As it turns out, the patient’s measure of diabetic severity, the Hba1c test, was very low at 6.3% (normal being less than 6%) and was checked several months prior when the patient was not taking any diabetic medication. So the question remains, why should we treat this patient with medication?

There are two reasons why we treat diabetes. The first is to reduce the near term effects of hyperglycemia (high blood glucose) that can lead to increased urination, increased thirst, dehydration, weakness, blurred vision, ketoacidosis, etc.  The second reason is to reduce the long term risks from untreated diabetes such as heart disease, stroke, blindness, peripheral vascular disease, and kidney damage. Not only did this patient NOT have any symptoms of diabetes in his untreated state but given his advanced age and other co-morbid conditions, his chances of developing a complication or symptom of diabetes in its untreated state are minuscule compared to his risk of developing complications from a side effect of diabetic medications!

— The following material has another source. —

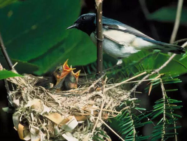 黑喉蓝林莺会偏向饥饿的雏鸟。乞食对雏鸟来说成本似乎不高,这表明相关现象不能用不利条件原理来模拟。图片来源:Steve Maslowski, USFWS

It is this subtle point that is the “art” of medical practice. It’s the ability to compile all the data and treatment standards and throw in rationality in understanding risk and benefit to determine the importance of knowing when NOT to treat the patient as much as knowing when and how to treat.

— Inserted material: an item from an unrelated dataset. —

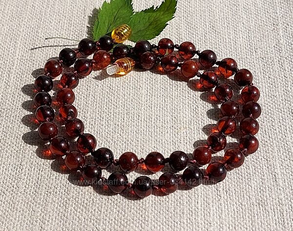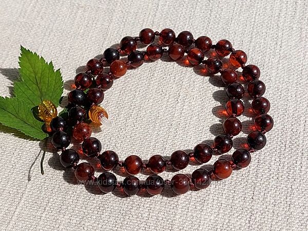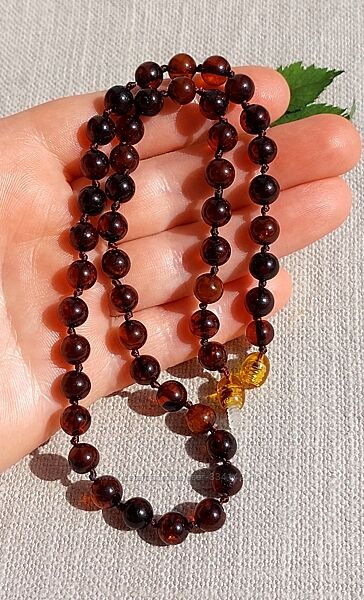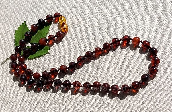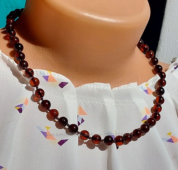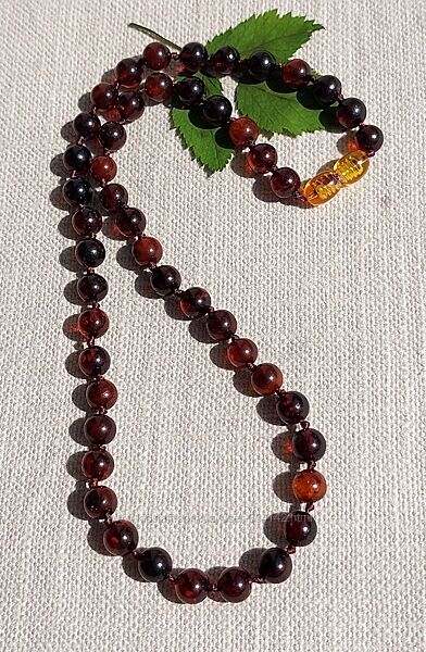 Подробное описание: Розкішне янтарне намисто із темно коньячних бурштинових кульок 7 мм

Had this issue been about a rare side effect of a very uncommonly used medication, I would have understood but this issue involved one of the MOST commonly prescribed medications with a very well known risk for an extremely common medical condition.

In the very least, this NP is a malpractice lawyer’s dream. If you are going to treat a patient with a potentially deadly medication when there are safer alternatives around then prudence would dictate that you do so for a good reason and document this reason as well as the fact that you informed the patient of the risks and what to look out for and how to avoid the risks (if possible). This NP didn’t document any of this and lawyers like nothing more than an uninformed patient.

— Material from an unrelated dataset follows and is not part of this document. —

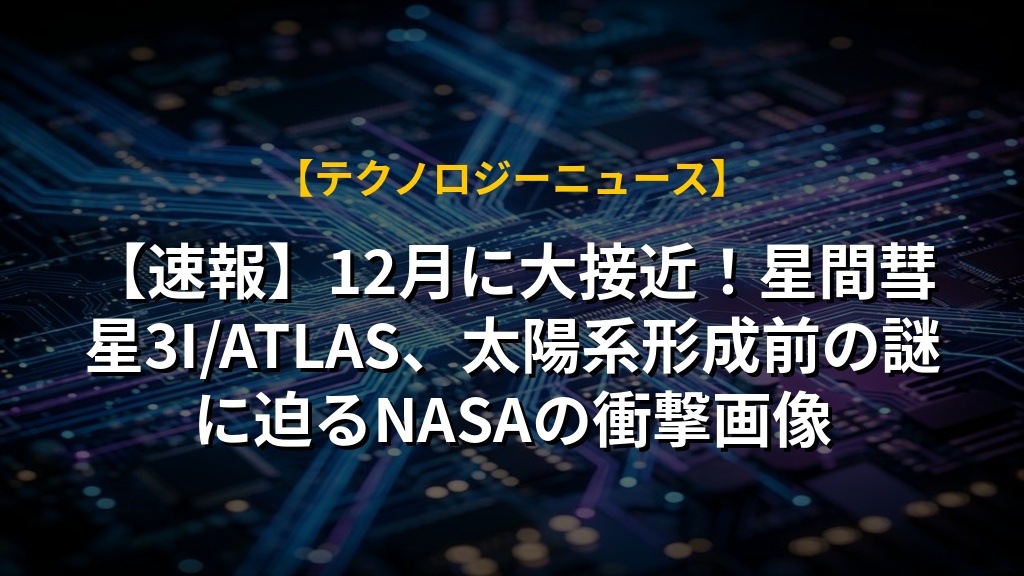 【速報】12月に大接近!星間彗星3I/ATLAS、太陽系形成前の謎に迫るNASAの衝撃画像

So far, studies have not shown any difference in the quality of care or outcomes of care between NPs and MDs/DOs. But many of these studies were done at academic centers where the training and preparation of the NPs and physicians is generally excellent rather then in the usual outpatient setting where the quality of NP training and delivery of care can be much more variable and less controlled. And though the odds of a serious reaction in this patient are low, multiply this by hundreds of patients and the odds that there will be a serious medication reaction increase dramatically.

I don’t know how to teach the “art” of medicine but it seems reasonable to assume that this “art” will be significantly lacking for health care providers who are either inadequately trained and experienced and/or don’t have the time to apply anything more than a “cookie cutter approach” to medical practice.  As primary care dies a slow death in this country, both of these factors are going to become more common. NPs will have an ever increasing role in primary care since very few physicians are entering this field after training and most NPs will be employed by corporations and private clinics and under ever increasing pressure to see as many patients as possible.